Rick Yang, NEA's general partner and head of consumer investing, said in an email to GamesBeat that they were impressed with his work at Instabase, where NEA was also an early investor.

Weve also funded a few key innovators coming out of Instabase, which is known for bringing on excellent entrepreneurial talent. Yang says his technical chops and abilities were apparent at Instabase, and we had confidence in him as a founder. I like the concept of a metagame that is about hacking the game, and there's a large overlap of coders and gamers.

Yang believes it was a relatively straightforward decision.

Vontell believes that AI competition's tools and approaches are beneficial to more than just the players, but also game studios that want to improve their AI abilities or conduct their own AI competitions.

Vontell noted that a lot of people are gaming these days, and that there is a lot of work involved in creating NPCs and AIs that are used in the metaverse, online battle arenas, etc. The tools and platform developed for players to compete will also be extremely useful for developers who want to incorporate AIs into their games.

In the next months, Regression Games intends to conduct a private alpha test and tournament with players on its AI platform. Interested players and game developers may visit here to join the mailing list.

Vontell said he's excited to get this out and see what the players think.

Are there any intelligent intelligence (AI) that are intelligent?

Is Vontell of the opinion that sapient, or human-like AI is on the way?

It's an interesting question, and I talk about it a lot with my friends who are working in this field. Everybody always has a very different answer, whether it's already here or its 100 years old. I think we all have to think about the goals we're trying to achieve.

Given dystopian science fiction, AI has a tendency to enrage people. People may find shady methods to utilize technology, but he believes regulations can protect us.

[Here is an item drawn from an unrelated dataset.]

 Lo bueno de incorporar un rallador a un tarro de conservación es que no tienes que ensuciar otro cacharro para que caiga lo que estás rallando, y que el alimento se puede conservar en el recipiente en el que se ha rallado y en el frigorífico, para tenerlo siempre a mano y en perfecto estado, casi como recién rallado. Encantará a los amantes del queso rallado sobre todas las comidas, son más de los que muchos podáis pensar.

We make sure that these AIs were developed responsibly at Regression Games, according to him. But that's a valid question to ask ourselves.

Vontell believes that gaming hasnt fully exploited artificial intelligence (AI). He wants to take it and put it in the hands of gamers, with a new twist on user-generated content.

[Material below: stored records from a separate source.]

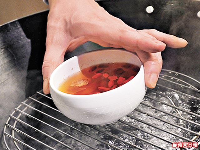 2.另將燕窩放入鑊,以大火隔水蒸10分鐘。
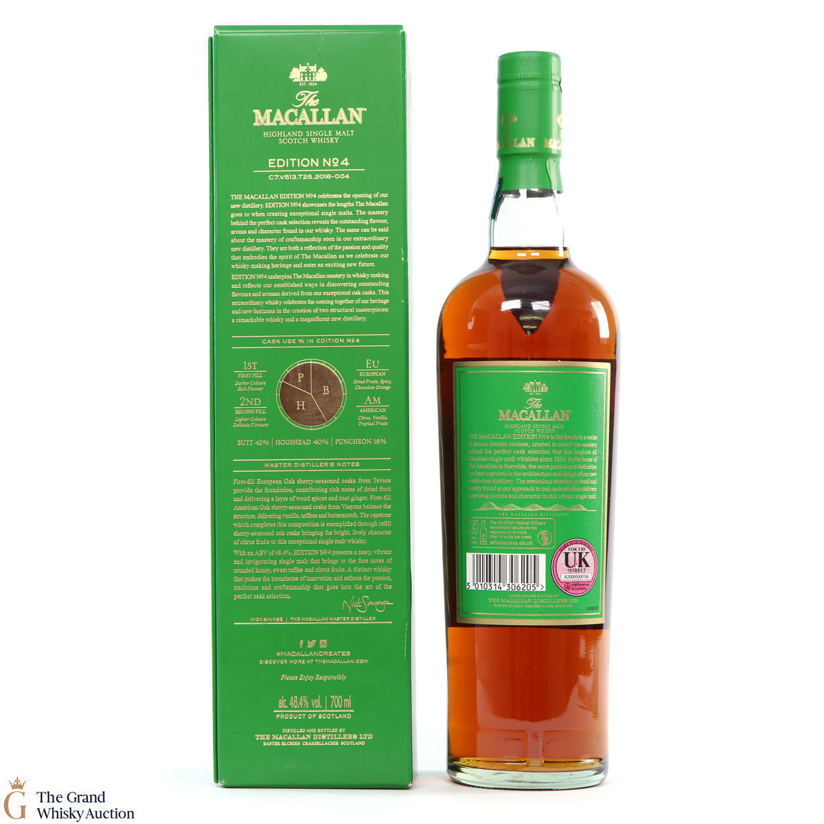 The fourth release in the Edition Series from The Macallan, this Speyside single malt is a celebration of the distillery's whisky making heritage, combining a unique selection of oak cask styles. Edition No.4 reflects the craftsmanship and pioneering design of the new Macallan distillery.
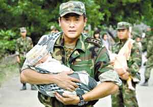 娶了个重庆老婆的香港明星魏骏杰在《震撼世界的七日》中扮演一个参与救灾的解放军上校。
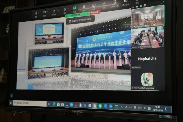 此次线上交流会进一步夯实了两校在职业教育领域的合作基础。据悉,该项目是积极响应“一带一路”倡议、深化中泰职业教育交流合作的重要实践,计划通过为期11天的沉浸式研学培训,帮助泰国师生提升中文应用能力,深入体验中国(广西)文化与职业技能,推动两校在人才培养、师资交流和项目合作等方面实现常态化、长效化发展。

Vontell pointed out that artificial intelligence (AI) is very modular, and that you may mix and match these different approaches for different games.

The company will expand and develop some application programming interfaces (APIs) to help AI players interact with existing games. That will enable players to start competing and building the community, and it will generate feedback from players.

Vontell said it is possible to then have discussions with studios, game designers, and players about how to develop the product further and get it in the hands of more players and game studios.